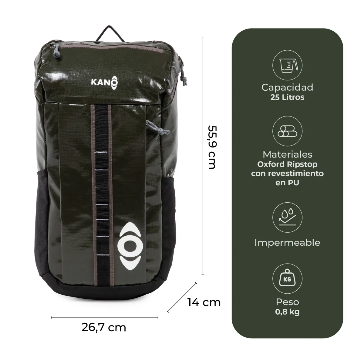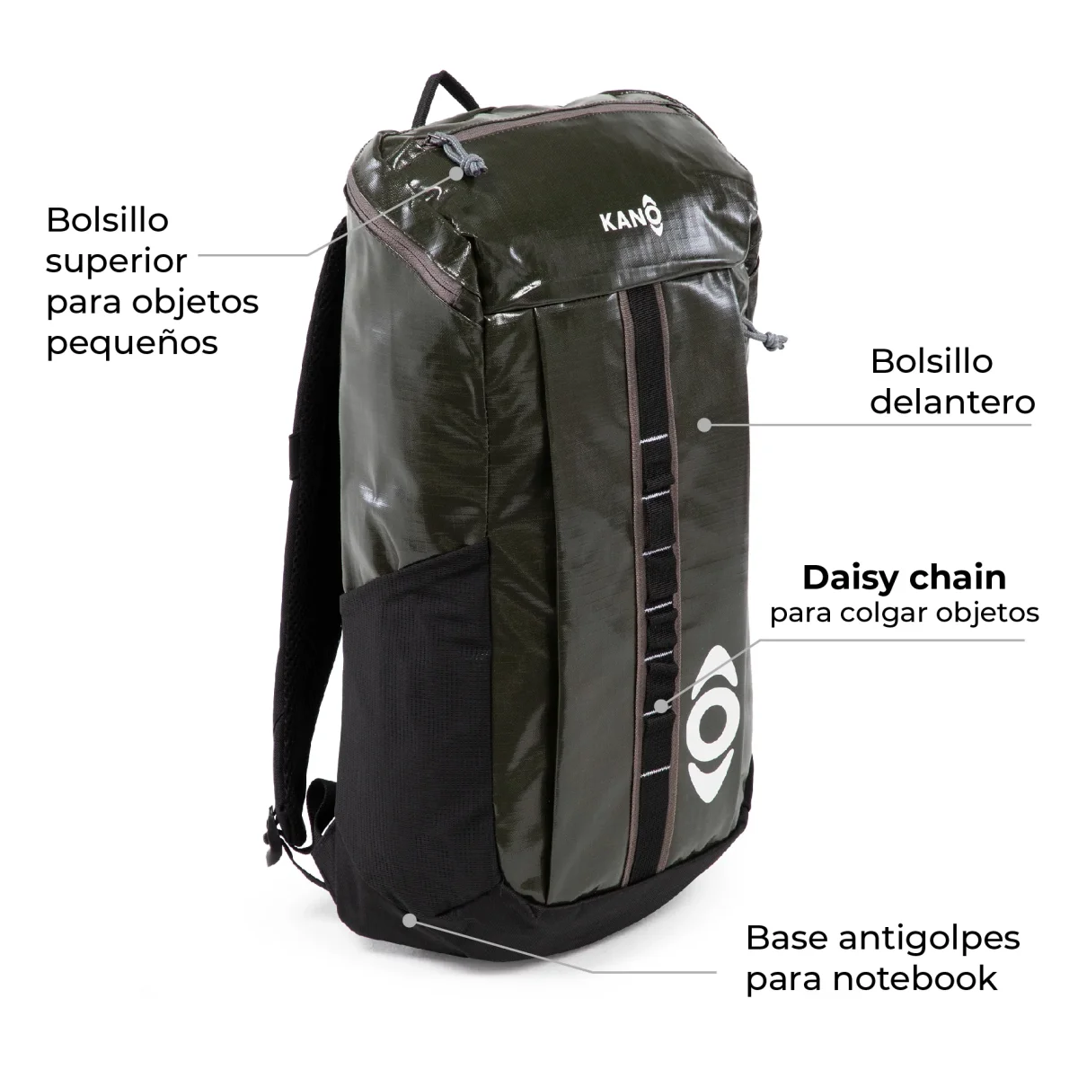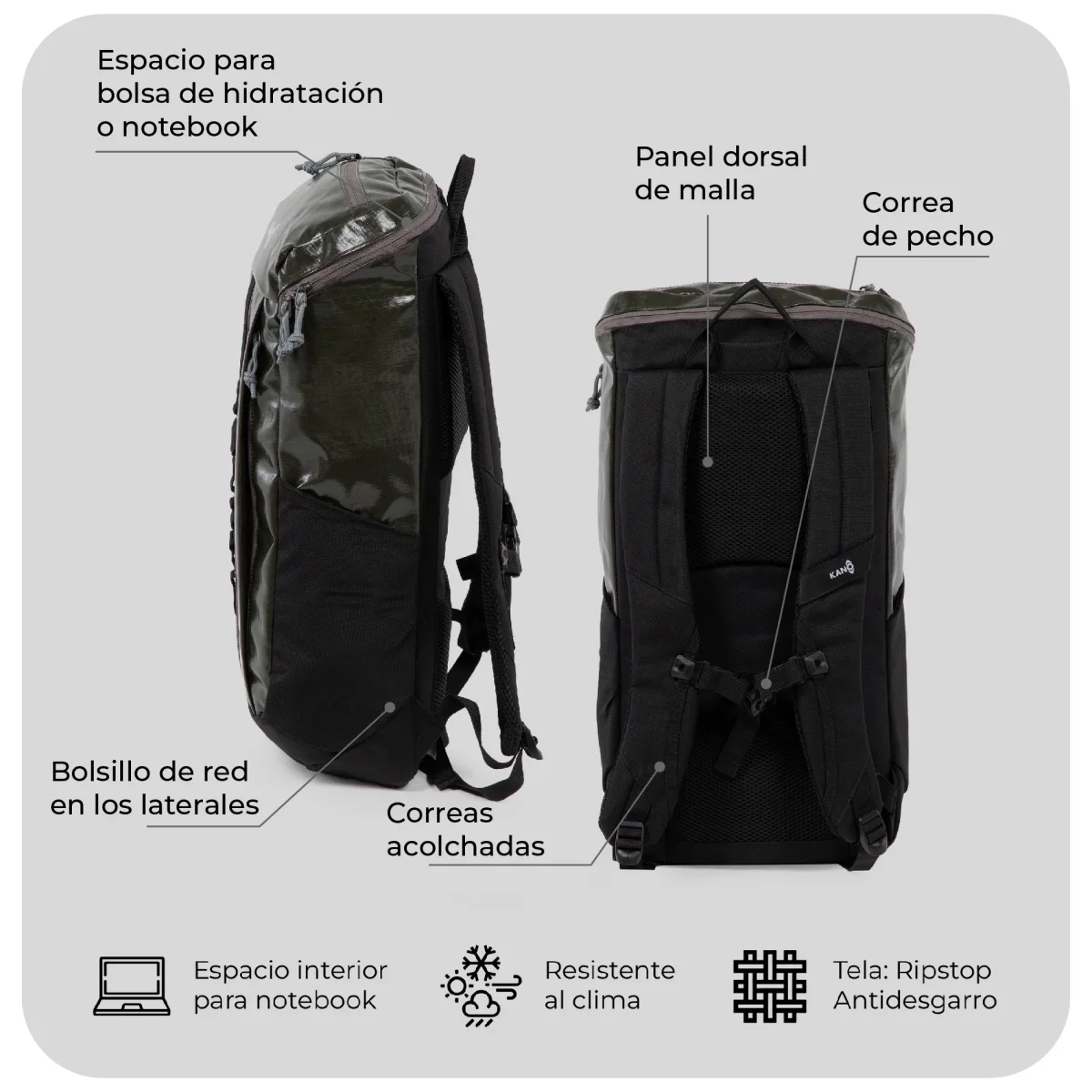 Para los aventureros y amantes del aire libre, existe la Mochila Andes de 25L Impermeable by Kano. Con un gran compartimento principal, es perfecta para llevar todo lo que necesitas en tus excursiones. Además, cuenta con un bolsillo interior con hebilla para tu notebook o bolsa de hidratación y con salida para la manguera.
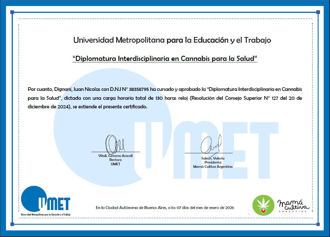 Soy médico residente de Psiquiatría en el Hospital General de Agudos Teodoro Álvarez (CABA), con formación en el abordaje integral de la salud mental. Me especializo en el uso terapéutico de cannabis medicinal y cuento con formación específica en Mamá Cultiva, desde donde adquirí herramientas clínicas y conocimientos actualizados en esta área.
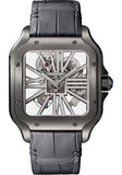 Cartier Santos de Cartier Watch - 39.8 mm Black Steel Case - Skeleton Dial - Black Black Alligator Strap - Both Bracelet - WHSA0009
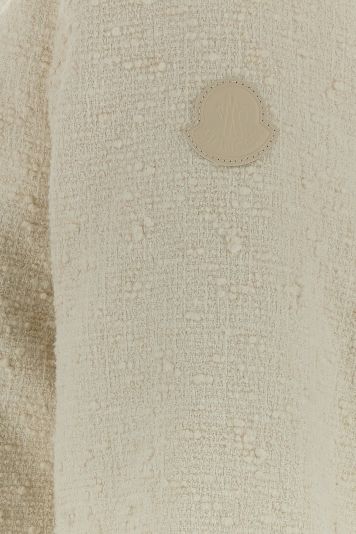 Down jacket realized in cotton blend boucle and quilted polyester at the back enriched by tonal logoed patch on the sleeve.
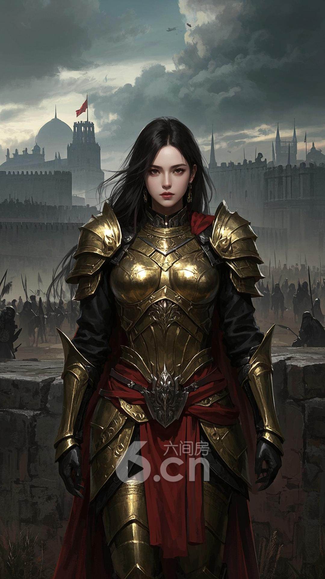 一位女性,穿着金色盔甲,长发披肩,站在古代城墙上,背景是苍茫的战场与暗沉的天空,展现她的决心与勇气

- - -

▶ _YOUR GOAL_: Whatever the records hold apart from pictures should be repeated exactly.

▶ _ANSWER TO THE PROBLEM_:
 Para los aventureros y amantes del aire libre, existe la Mochila Andes de 25L Impermeable by Kano. Con un gran compartimento principal, es perfecta para llevar todo lo que necesitas en tus excursiones. Además, cuenta con un bolsillo interior con hebilla para tu notebook o bolsa de hidratación y con salida para la manguera.
 Soy médico residente de Psiquiatría en el Hospital General de Agudos Teodoro Álvarez (CABA), con formación en el abordaje integral de la salud mental. Me especializo en el uso terapéutico de cannabis medicinal y cuento con formación específica en Mamá Cultiva, desde donde adquirí herramientas clínicas y conocimientos actualizados en esta área.
 Cartier Santos de Cartier Watch - 39.8 mm Black Steel Case - Skeleton Dial - Black Black Alligator Strap - Both Bracelet - WHSA0009
 Down jacket realized in cotton blend boucle and quilted polyester at the back enriched by tonal logoed patch on the sleeve.
 一位女性,穿着金色盔甲,长发披肩,站在古代城墙上,背景是苍茫的战场与暗沉的天空,展现她的决心与勇气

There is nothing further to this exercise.